- _REQUIREMENT_
Would you repeat the listing exactly, without any of its images?

- _RECORDED DATA_
┌────────

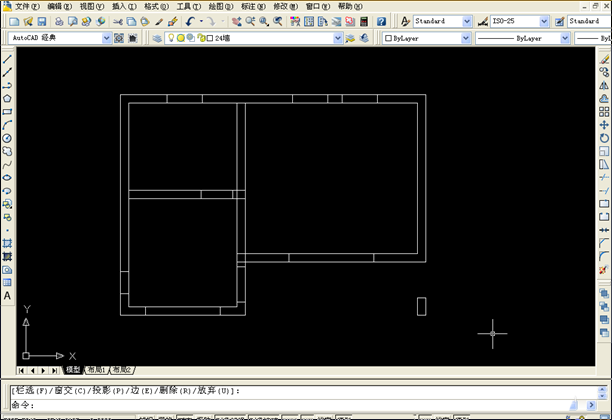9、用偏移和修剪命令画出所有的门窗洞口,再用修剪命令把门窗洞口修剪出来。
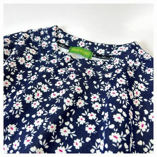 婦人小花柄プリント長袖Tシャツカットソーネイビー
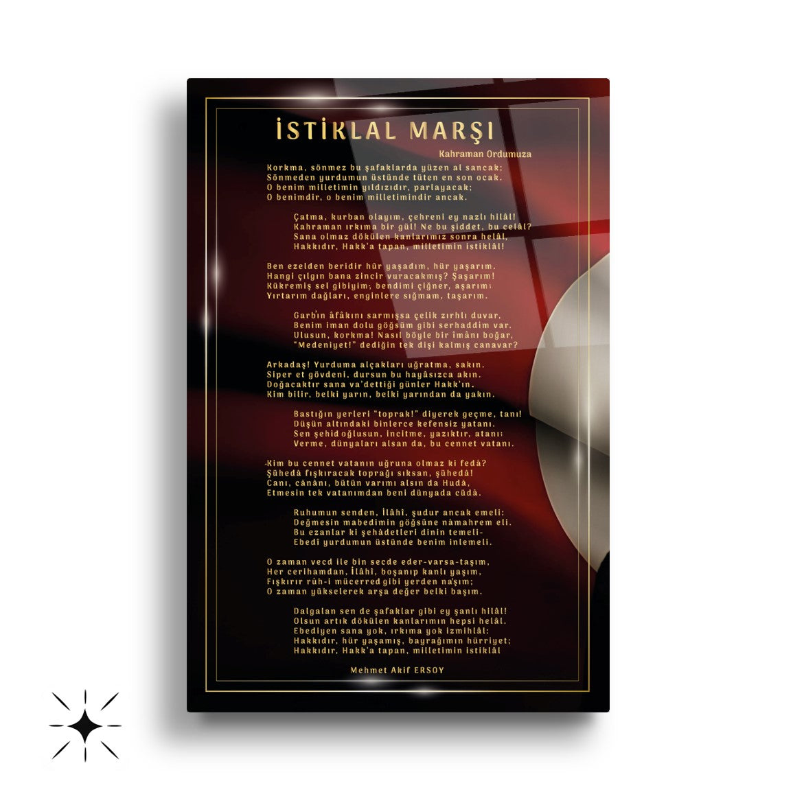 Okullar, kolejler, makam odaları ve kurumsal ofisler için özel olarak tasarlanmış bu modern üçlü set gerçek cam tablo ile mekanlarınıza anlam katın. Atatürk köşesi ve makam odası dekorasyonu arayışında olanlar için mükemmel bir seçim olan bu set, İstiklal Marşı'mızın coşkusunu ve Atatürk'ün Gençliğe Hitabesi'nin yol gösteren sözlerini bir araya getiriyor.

└────────

- _WRITTEN SOLUTION_
9、用偏移和修剪命令画出所有的门窗洞口,再用修剪命令把门窗洞口修剪出来。
 婦人小花柄プリント長袖Tシャツカットソーネイビー
 Okullar, kolejler, makam odaları ve kurumsal ofisler için özel olarak tasarlanmış bu modern üçlü set gerçek cam tablo ile mekanlarınıza anlam katın. Atatürk köşesi ve makam odası dekorasyonu arayışında olanlar için mükemmel bir seçim olan bu set, İstiklal Marşı'mızın coşkusunu ve Atatürk'ün Gençliğe Hitabesi'nin yol gösteren sözlerini bir araya getiriyor.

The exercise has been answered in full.